**YOUR TASK**
Each line below from the one containing "Золотые серьги с" through the one containing "細節優雅蕾絲拼接薄針織背心---米" should be output exactly as it stands, and no other line should appear.

**SUPPLIED INFORMATION**

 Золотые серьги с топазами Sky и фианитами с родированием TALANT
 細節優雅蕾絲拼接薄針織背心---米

==

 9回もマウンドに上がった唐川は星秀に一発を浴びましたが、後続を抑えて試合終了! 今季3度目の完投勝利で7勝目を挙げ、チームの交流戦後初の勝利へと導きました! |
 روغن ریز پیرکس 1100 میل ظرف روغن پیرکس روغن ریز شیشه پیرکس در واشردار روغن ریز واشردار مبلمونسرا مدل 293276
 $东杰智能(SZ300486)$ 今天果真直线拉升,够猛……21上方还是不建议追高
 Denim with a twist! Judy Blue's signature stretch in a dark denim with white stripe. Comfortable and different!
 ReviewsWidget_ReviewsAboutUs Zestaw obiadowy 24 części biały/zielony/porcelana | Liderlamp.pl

**REPLY TO THE EXERCISE**
 Золотые серьги с топазами Sky и фианитами с родированием TALANT
 細節優雅蕾絲拼接薄針織背心---米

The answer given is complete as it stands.